(DATA RECORDS Opens)

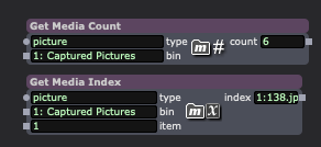 Since I ensured the top picture bin ("Captured Pictures") is the one where I intend for captured media to go, I can pre-program logic into my file that relies on knowing which bin the captured media is in (for example, logic that relies on the bin # like the Get Media Count and Get Media Index actors).
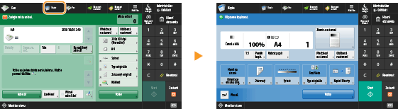 Pro funkce na obrazovce <Hlavní obrazovka> můžete vytvořit klávesové zkratky (tlačítka přímého přístupu). S pomocí této klávesové zkratky získáte přístup k jiné funkci, aniž byste se museli vracet na obrazovku <Hlavní obrazovka>. Chcete-li vytvořit klávesovou zkratku, přihlaste se do systému stroje s právy administrátora (správce).
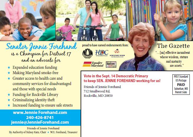 J Jennie for Kids September 13, 2010 1 Min Read Categorized in: Maryland Politics Watch ArchivePolitics Tagged in: District 17, Jennie Forehand Share Article:
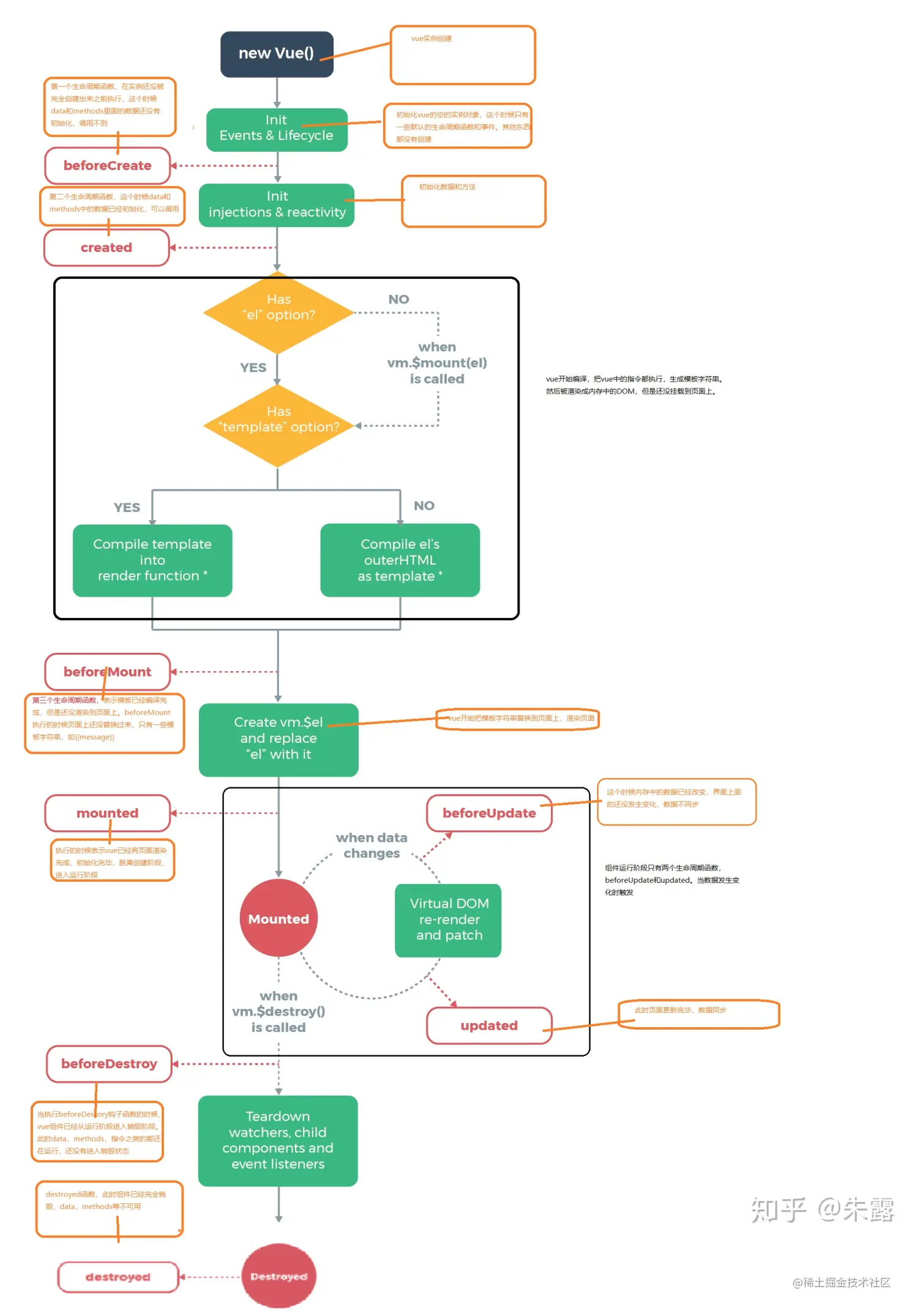 从上图可以很明显的看出现在vue2.0都包括了哪些生命周期的函数了,总结一下,对官方文档的那张图简化一下,就得到了这张图。
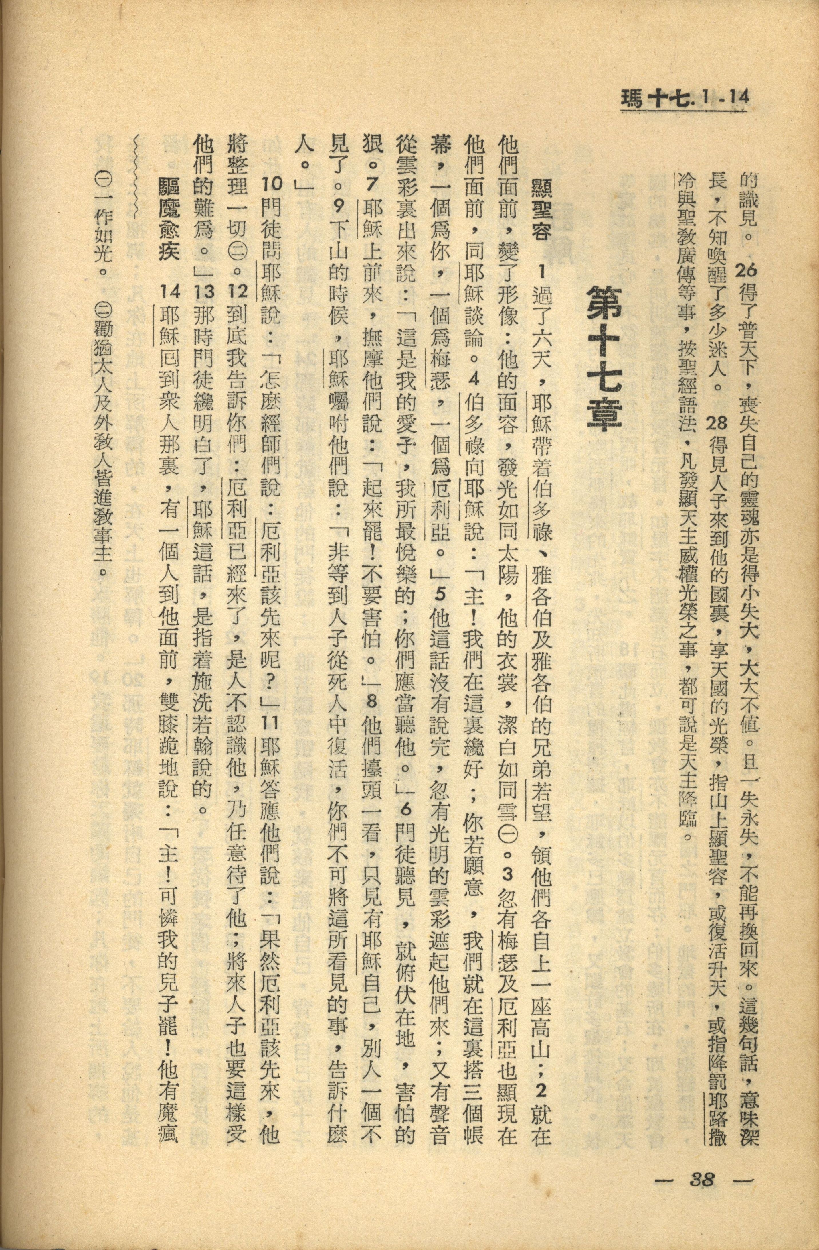 1956年新經全集 馬太福音 17 章 1 節到 17 章 14 節
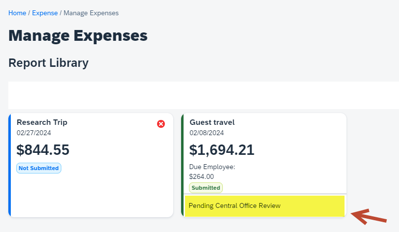 1. From Manage Expenses ---> Report Library, the status will appear on the desired Report image.
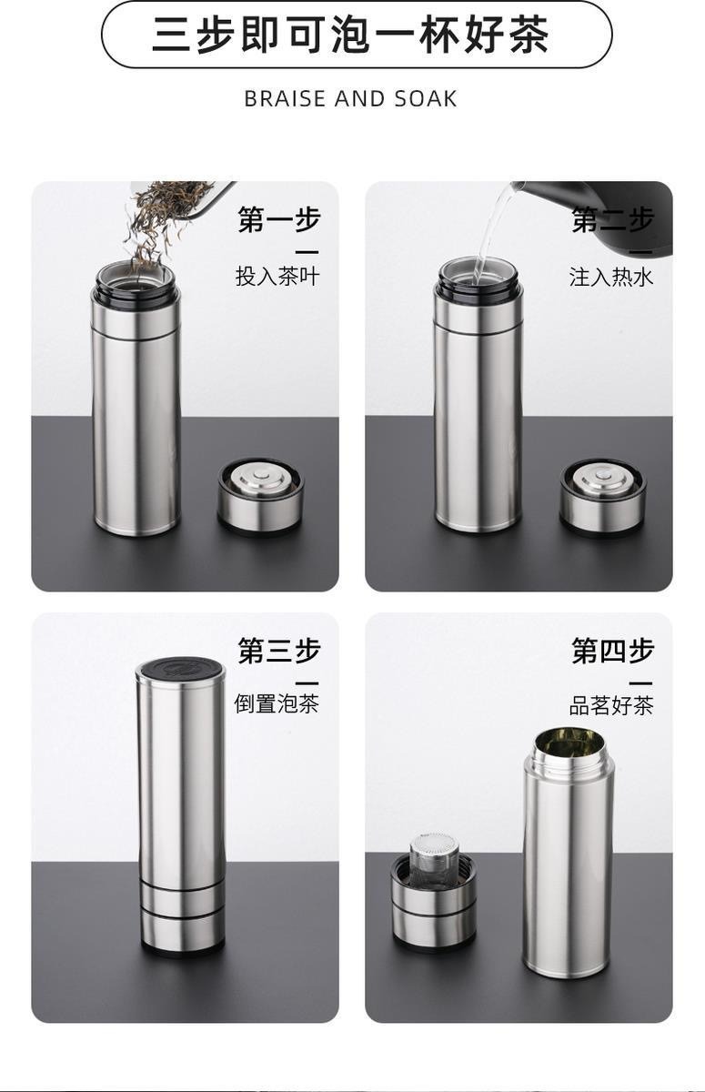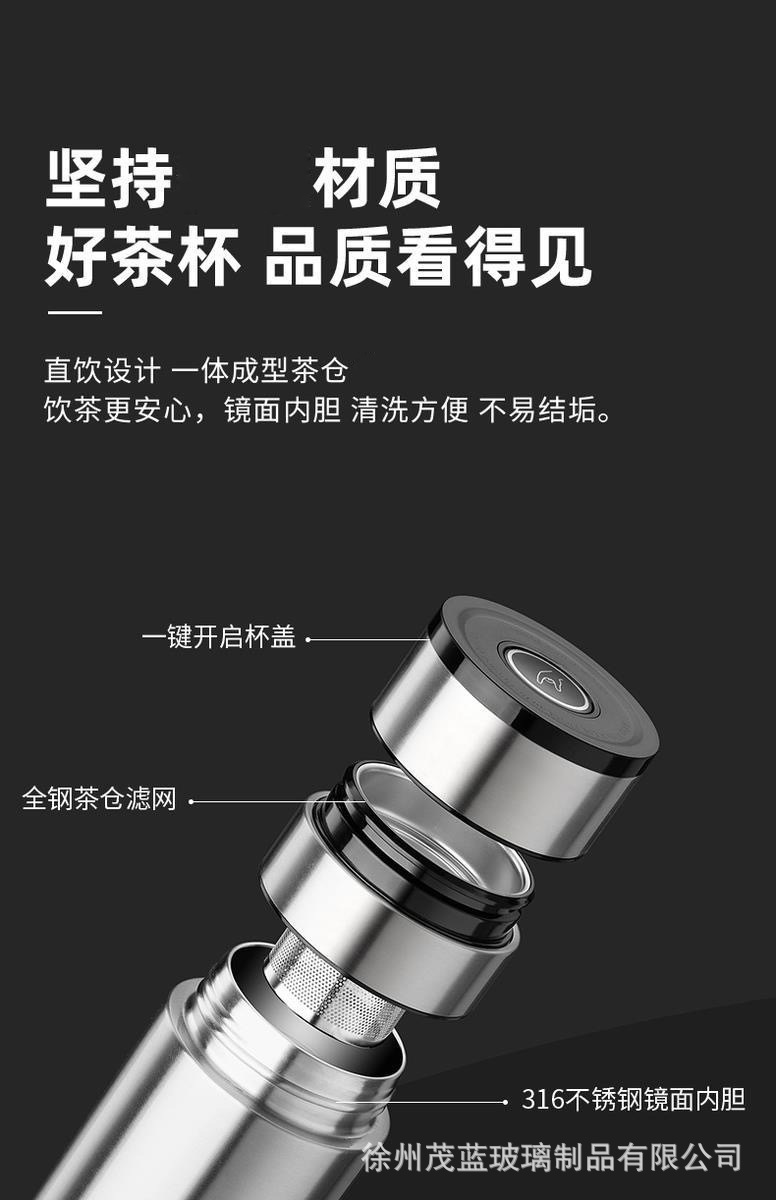 도매 스테인레스 스틸 보온병 컵 비즈니스 남성 원 버튼 오픈 뚜껑 고급 차 분리 버블 컵 빠른 오픈 카 컵
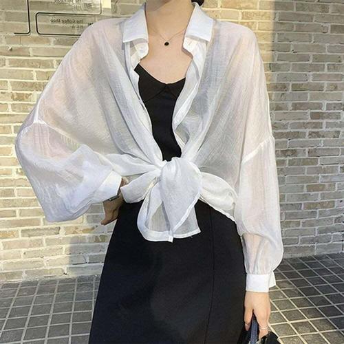 [셀럽하우스]여자 XCAI7279 시원한 시스루 패션 쉬폰 가오리핏 오버핏 셔츠

(DATA RECORDS Closes)

ABOUT THIS EXERCISE - Word for word, give again the lines from the line with "도매 스테인레스 스틸" through the end of the records above, with both ends included and the pictures left out.

YOUR SOLUTION -
 도매 스테인레스 스틸 보온병 컵 비즈니스 남성 원 버튼 오픈 뚜껑 고급 차 분리 버블 컵 빠른 오픈 카 컵
 [셀럽하우스]여자 XCAI7279 시원한 시스루 패션 쉬폰 가오리핏 오버핏 셔츠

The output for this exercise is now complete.